I really feel betray.
When i confront him, he tell me everything and told me that the affair had ended since last December. And when i ask him to divorce me..... he wont but promise me that he will not repeat the mistake. Should i give him another chance?But i still cant forget what he have done to me.

Recently..... i get to know someone online.... and we started to chat everyday and i feel that we can get along well.
He is a married guy tho. Should i con't with the new found relationship or better prevent it before it messed out the situation?
Please leave me some advice. Thanks.

2007-02-23 18:12:02 · 41 answers · asked by LadyHeart 1 in Family & Relationships Marriage & Divorce

41 answers

You shouldn't do it just because he did it to you !! That would be for all the wrong reasons!! Two wrongs don't make a right !! It only will or could make things wrose for you too ! You have to givce your self time to work through what he did to you, you have to go through the pain, the hurt.... you shouldn't jump right into another relationship after being hurt like this!! you can get hurt again you know??!! you need time for your self tofigure out what you want in life !! yes you can forgive but not forget! No it'snot easy and never will be! Yes it take two if you want to work it out! He has to do everything you ask of him if he wants you to forgive him. You can't keep bringing it up If you stay with him and choose to forgive him, or it won't work !! Maybe go to counsleing together !! If its what you want, then go to counseling with him or what ever you need to do , do it, if you need to talk to him about it then he must listen!! and must talk ! you have togo through the process of everything and in time you will know if you want to stay with him or not, is he worth it or no? you will knw later, ask your self alot of questions about your reaationship ! out way the good and the bad in him !! write down all the good about him and then write down all the bad about him, read it over and over, then which is greater the good or the bad?? So you;ll know if it's worth trying to work it out or not ! Good luck !

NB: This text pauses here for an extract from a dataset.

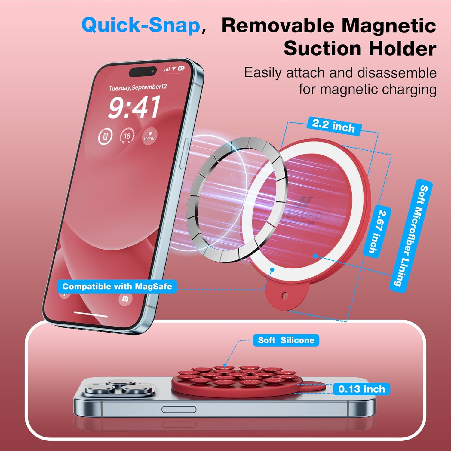 Magnetic Suction Cup Phone Mount for MagSafe Case, Silicone Hands-Free Grip Holder for iPhone and Android, Mirror Shower Phone Stand for Makeup FaceTime Gym Kitchen Bathroom, Deep Red

2007-02-23 18:27:16 · answer #1 · answered by monkeymomma46 5 · 0 1

Right now you are feeling hurt, let down, and angry. I think that the only reason that you even went online is to get back at your husband, however two wrongs don't make a right. Don't do something that in years to come you will regret it. It's his lose! If you can't get over it and think that you should get out of the relationship then divorce him and then look for someone better. Just don't do it while you are still married. Keep your dignity and rise above the situation. There will be a day in time where he will realize that he miss used the best thing that ever happened to him.
By the way, the guy you are talking to is married. Why place the same hurt and pain on another woman that your husband placed on you. You know how if felt for your husband to cheat on you, don't let it happen to another being. Sure, if you don't cheat with him, he'll probably find another willing lady to cheat with. If he was such a outstanding guy then he wouldn't be looking for women to talk to on the Internet anyway.
Keep your head up and don't stoop to his level; be better than that.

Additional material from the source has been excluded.